Hangi şiirini okuyacak diye bir merak uyanırdı içimde.
Gözlerindeki şükran duygusu ve gönlünden kopan şiirleri sıcak bir okşayış gibi programlarda yüreğimizi ısıtırdı.
***
Bu ziyaretimizde şiirlerini bir kitapta topladığını ve 2022 yılının Temmuz ayında “ŞAHİN’İN RÜYASI” adlı şiir kitabını çıkardığını söyleyince içimde sevinç güvercinleri havalandı.
Hediye ettiği birbirinden anlamlı “memleket ve gurbet kokan” şiirlerinin yer aldığı kitabını okuyurum şimdi.
Ahhh..Be Bilal abi!
Yine gözlerimi yaşarttın. Bu sefer şiirlerinle değil yaşadıklarınla.

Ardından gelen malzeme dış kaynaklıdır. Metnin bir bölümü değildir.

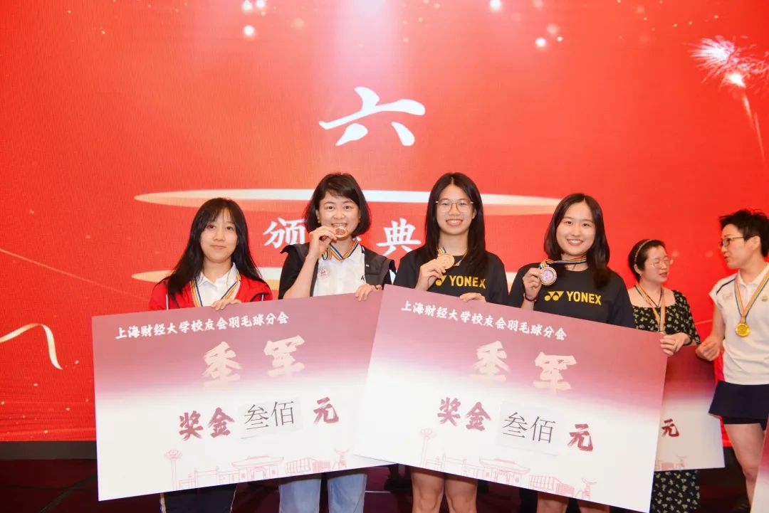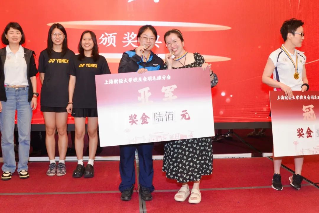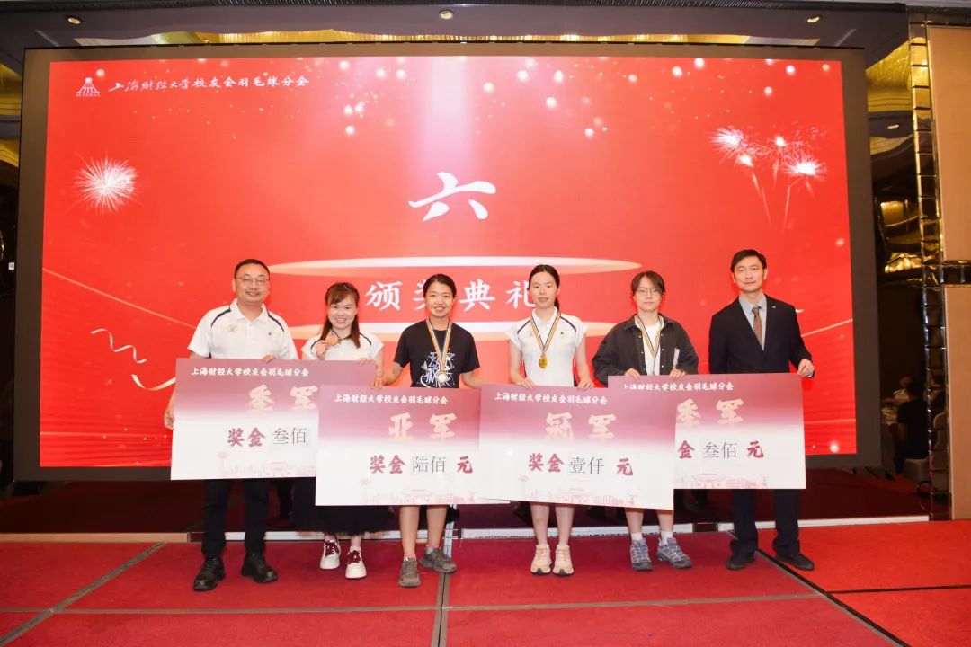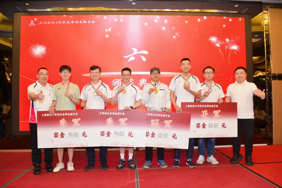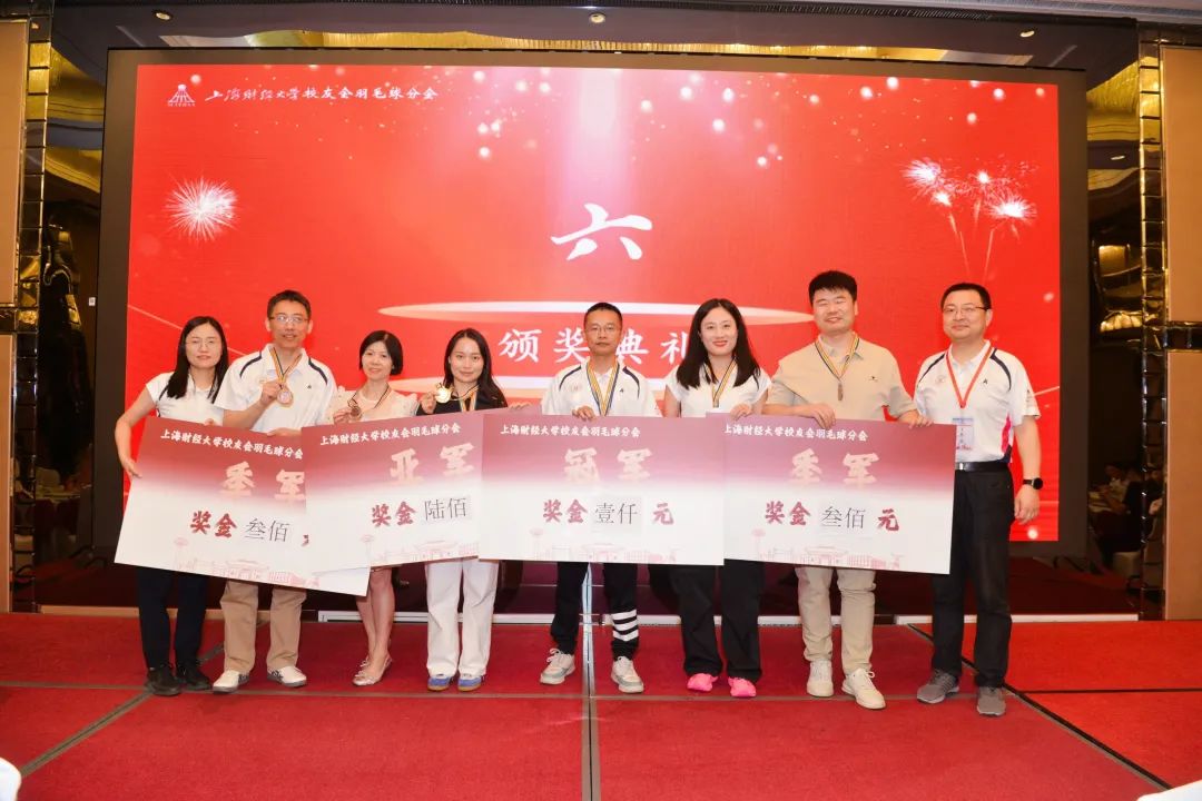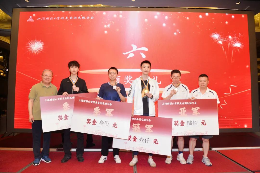 大会还为当日举行的上海财经大学校友会羽毛球分会第一届竞技赛单项赛举行了颁奖仪式。混双、女双、男双、女单、男单五个项目的获奖选手依次上台领奖,他们用汗水与热爱诠释了羽毛球运动的魅力,现场掌声雷动,向每一位拼搏的选手致敬。

Kısa zamanda iyileşip tekrar aramıza dönmeni bekliyoruz.
Rabbimizin “şafi” ismi hürmetine tez zamanda muzdarip olduğun hastalıktan kurtulman için dua ediyoruz.
Bugüne kadar her zorluğu aştığın gibi bu zor günleride dilerim aşarsın.
Çünkü o mümbit gönlünde demlenen ve kağıda yazman için sıra bekleyen daha nice gül kokan şiirlerin olacak bize okuyacağın!
Güler yüzlü, merhametli, şefkatli, vefalı şairim.